The second method produces a NetCDF file (e.g., ``diff.nc``) with the difference between two given files:

.. code-block:: bash

    ncdiff old_output.nc new_output.nc diff.nc

This file can be opened with ``ncview`` to visually inspect the differences.

In general, binary identical results cannot be expected, due to the use of different languages and algorithms in the two versions, especially for complex operations such as regridding. However, difference within machine precision are desirable. At this stage, it is essential to test all datasets in the recipe and not just a subset of them.

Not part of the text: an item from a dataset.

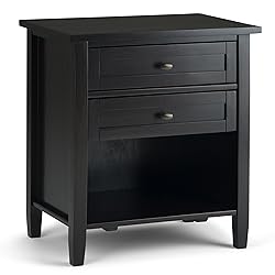 - A stylish storage solution for bedrooms or living spaces, the Warm Shaker Bedside Table blends transitional design with solid wood construction. Measuring 24 inches wide and 26 inches high, this handcrafted nightstand is made from solid wood and finished in a hickory brown stain with a protective NC lacquer that adds durability and smoothness. Two spacious drawers with bronze pulls and smooth metal glides keep bedside items tucked away, while the open bottom shelf offers room for books, baskets, or decor. Square tapered legs and a square-edged tabletop complete its versatile design, making it perfect as a nightstand, end table, or compact storage table throughout your home.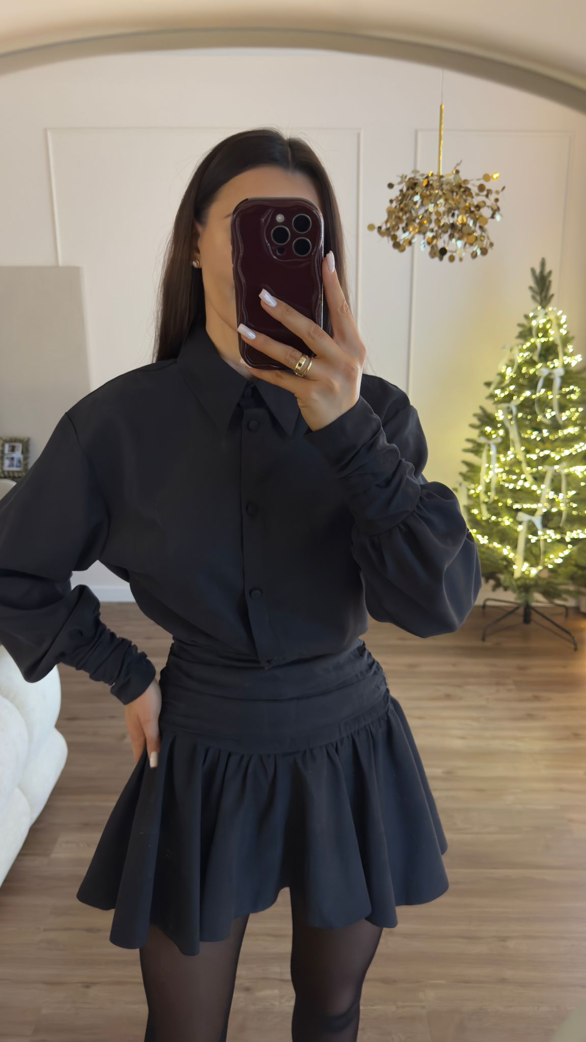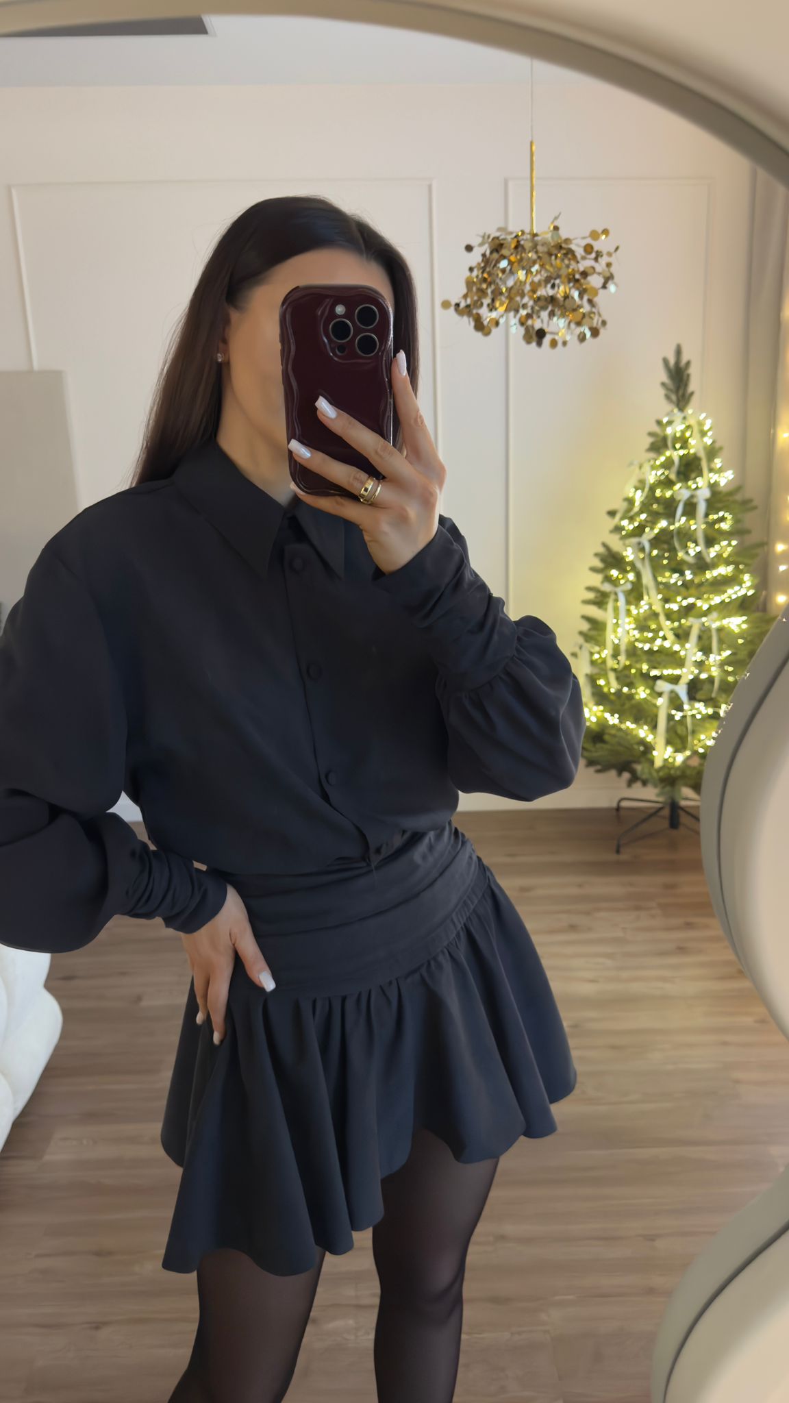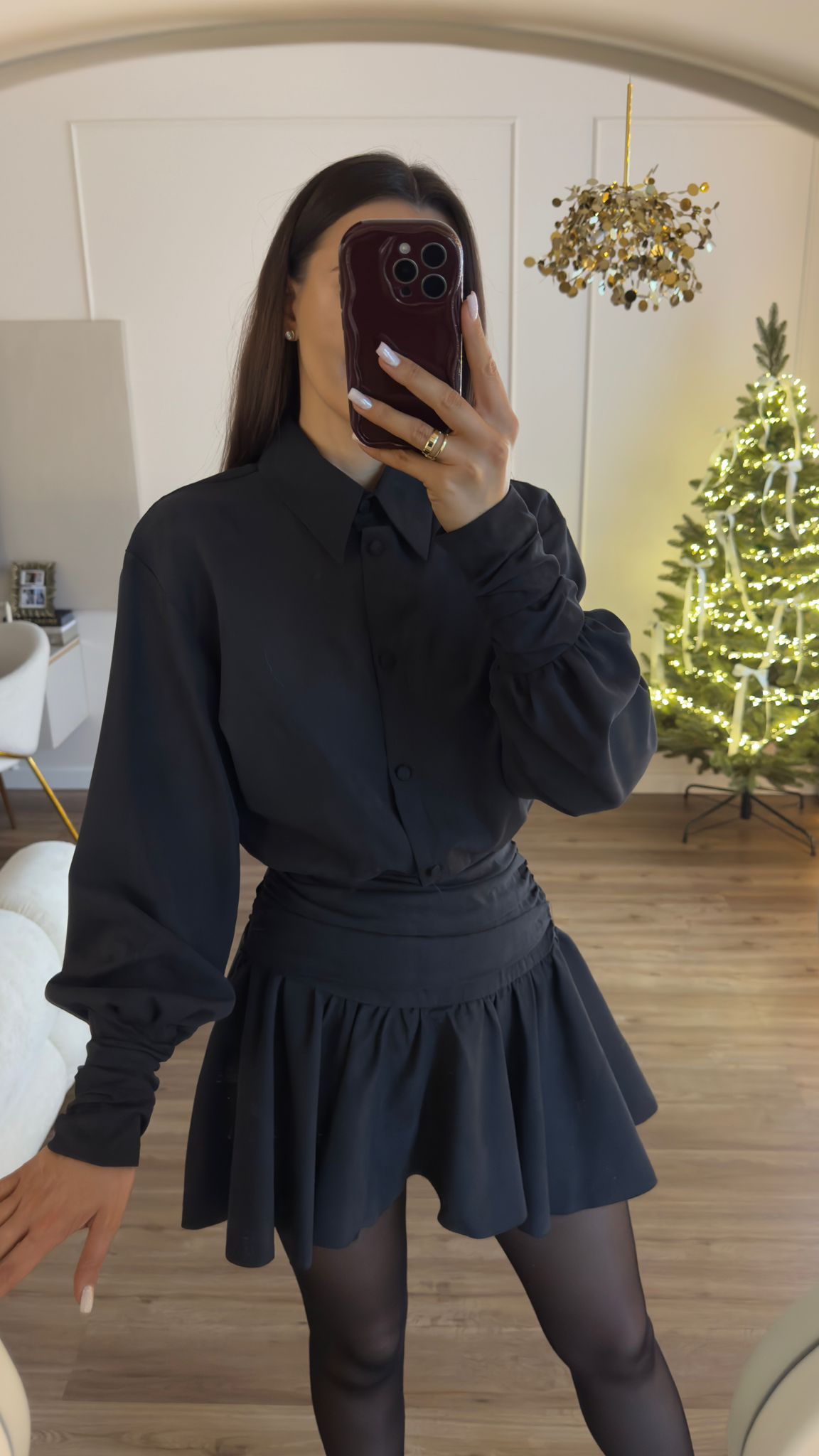 Sukienka o długości mini. Zapinana na guziki oraz kryty suwak z boku. Sukienka posiada ukryte szorty.

It is also recommended to compare the graphical output (this may be necessary if the ported diagnostic does not produce a NetCDF output). For this comparison, the PostScript format is preferable, since it is easy to directly compare two PostScript files with the standard ``diff`` command in Linux:

.. code-block:: bash

   diff old_graphic.ps new_graphic.ps

but it is very unlikely to produce no differences, therefore visual inspection of the output may also be required.

Clean the code
==============

Before submitting a pull request, the code should be cleaned to adhere to the coding standard, which are somehow stricter in v2.0. This check is performed automatically on GitHub (CircleCI and Codacy) when opening a pull request on the public repository. A code-style checker (``nclcodestyle``) is available in the tool to check NCL scripts and installed alongside the tool itself. When checking NCL code style, the following should be considered in addition to the warning issued by the style checker:

- two-space instead of four-space indentation is now adopted for NCL as per NCL standard;
- ``load`` statements for NCL standard libraries should be removed: these are automatically loaded since NCL v6.4.0 (see `NCL documentation <http://www.ncl.ucar.edu/current_release.shtml#PreloadedScripts6.4.0>`_);
- the description of diagnostic- and variable-specific settings can be moved from the header of the diagnostic script to the recipe, since the settings are now defined there (see above);
- NCL ``print`` and ``printVarSummary`` statements must be avoided and replaced by the ``log_info`` and ``log_debug`` functions;
- for error and warning statements, the ``error_msg`` function can be used, which automatically include an exit statement.

Update the documentation
========================

If necessary, add or update the documentation for your recipes in the corrsponding rst file, which is now in ``doc\sphinx\source\recipes``. Do not forget to also add the documentation file to the list in ``doc\sphinx\source\annex_c`` to make sure it actually appears in the documentation.

Open a pull request
===================

Create a pull request on github to merge your branch back to ``main``, provide a short description of what has been done and nominate one or more reviewers.